I have here some figures about the different options if we had a government expenditure of $1 billion. First of all, the multiplier the formula applied here affects the expenditures in a different way.
If we spend $1 billion in direct hiring, it creates 56,000 jobs. Spending $1 billion on goods and services creates about 28,000 jobs. Spending $1 billion on infrastructure creates some 26,000 jobs. That is one factor taken into consideration when we talk about how we spend government money in Canada.
The most effective way to create jobs, if we want to cut taxes, is to start cutting back on the GST. In the campaign of the New Democratic Party we advocated the elimination of the GST on books and magazines. We advocated the elimination of the GST on children's clothing, which is exempt in most of the provinces now from provincial sales tax, certainly in my province of Saskatchewan.
We also advocated the increase in the GST tax credit for adults and children by 30 percent. It would cost $1.2 billion for those three items and create 20,400 jobs in this country.
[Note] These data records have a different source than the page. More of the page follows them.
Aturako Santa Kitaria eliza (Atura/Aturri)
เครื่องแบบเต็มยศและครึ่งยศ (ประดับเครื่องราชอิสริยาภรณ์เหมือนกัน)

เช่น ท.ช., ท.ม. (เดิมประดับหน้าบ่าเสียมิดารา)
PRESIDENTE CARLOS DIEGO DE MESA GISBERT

On the other hand, if we were to have a $1 billion cutback in the GST, we would create some 17,000 jobs. But if there were a $1 billion cutback in corporate taxes, there would only be 14,000 jobs created. If there were a $1 billion cutback on personal income tax across the board, there would be 12,000 jobs created. If there was a $1 billion cutback in the payroll tax, there would be about 9,000 jobs created.
We have choices. The question is where do we spend taxpayer money. What are the programs that have the most impact and the most effect in terms of job creation in this country?
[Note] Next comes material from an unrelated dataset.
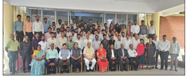
ಗಣ್ಯರೊಂದಿಗೆ ಭಾಗವಹಿಸಿದ ಲೆಕ್ಕಪರಿಶೋಧಕರು

ಕಾರ್ಯಕ್ರಮವನ್ನು ಉದ್ಘಾಟಿಸಿ ಮಾತನಾಡಿದ ಶ್ರೀಯುತರು ಸಹಕಾರ ಸಂಸ್ಥೆಗಳನ್ನು ಲೆಕ್ಕ ಪರಿಶೋಧನೆ ಮಾಡುವ ಸಂದರ್ಭದಲ್ಲಿ ಅನೇಕ ವಿಷಯಗಳ ಕಡೆಗೆ ಗಮನ ಹರಿಸಬೇಕಾಗುತ್ತದೆ. ವಿಶೇಷವಾಗಿ ಸಂಸ್ಥೆಯ ಸದಸ್ಯರ ಹಿತರಕ್ಷಣೆಗೆ ಆದ್ಯತೆ ನೀಡುವುದು ಅಗತ್ಯ. ಠೇವಣಿಗಳ ಹೂಡುವಿಕೆ, ಸಾಲ ನಿಡುವಿಕೆಗಳಲ್ಲಿ ಪಾರದರ್ಶಕತೆ ಬಂಗಾರದ ಸಾಲ ನೀಡಿರುವ ಬಗ್ಗೆ ಗಮನ ಹರಿಸುವುದು, ಕಾನೂನು ಸಲಹೆಗಳನ್ನು ಪಡೆದಿರುವುದು, ವ್ಯಾಲ್ಯುಯೇಶನ್ ರಿಪೋರ್ಟ್‌ಗಳನ್ನು, ಕೂಲಂಕುಷವಾಗಿ ಪರಿಶೀಲಿಸಬೇಕಾಗುತ್ತದೆ. ನಡೆದಿರುವ ಎಲ್ಲ ವ್ಯವಹಾರಗಳ ನೈಜತೆಯನ್ನು ಪರಿಶೀಲಿಸಿ ವರದಿ ನೀಡುವುದು ಅವಶ್ಯಕ ಎಂದು ತಿಳಿಸಿ ಹಲವಾರು ಉದಾಹರಣೆಗಳನ್ನು ನೀಡಿದರು. ಸದಸ್ಯರಿಗೆ ಸಲ್ಲಿಸಬಹುದಾದ ಸೇವೆಗಳ ನಿರ್ವಹಣೆಯ ಬಗ್ಗೆ ಪರಿಶೀಲಿಸಬೇಕಾಗುತ್ತದೆ. ಸಹಕಾರ ಸಂಸ್ಥೆಗಳು ಏಕ ವ್ಯಕ್ತಿಯ ಹತೋಟಿಯಲ್ಲಿರದಂತೆ, ಸಲಹೆಗಳನ್ನು ನೀಡಬೇಕಾಗುತ್ತದೆ. ಹಣ ದುರುಪಯೋಗ ಹಣಕಾಸು ಶಿಸ್ತು ಪಾಲಿಸಿರುವ

I think what we have to do in terms of expending money on behalf of the Canadian taxpayers is to invest more in health and in education, those areas that need more spending, bringing people up to a greater standard of equality of condition. Those are also areas that would create jobs at the same time as investing money in education and health.
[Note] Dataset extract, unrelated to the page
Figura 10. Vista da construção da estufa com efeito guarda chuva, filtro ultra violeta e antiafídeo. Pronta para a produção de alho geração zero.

If we are going to cut taxes, the place to start is with the GST. I think that would help stimulate the economy more than cutting taxes in other areas, and the statistics tend to bear that out.
We have a debate in this country over where we are going to go in terms of the direction of Canada. On one hand there is the Reform Party, basically anti-government and anti-public institution, a party that wants to privatize and deregulate and scale back and get rid of government in almost every respect and aspect.
That is what it stands for. It is a stroll back to the past. It misleads the people of this country. It propagates myths around Canada. A big problem we have is government spending. Another problem we have is spending on social programs.
Statistics Canada showed us in 1992 that 6 percent of the debt is caused by government spending in Canada and only half of that is spending on social programs. Fifty per cent of the debt is caused by the high interest rates that we saw during the Brian Mulroney years, another version of a very conservative party in Canada. Another 44 percent of the debt is caused by tax expenditures, tax loopholes and tax giveaways to the large corporations that are the friends of the Reform Party.
For those reasons we cannot support this motion before the House today.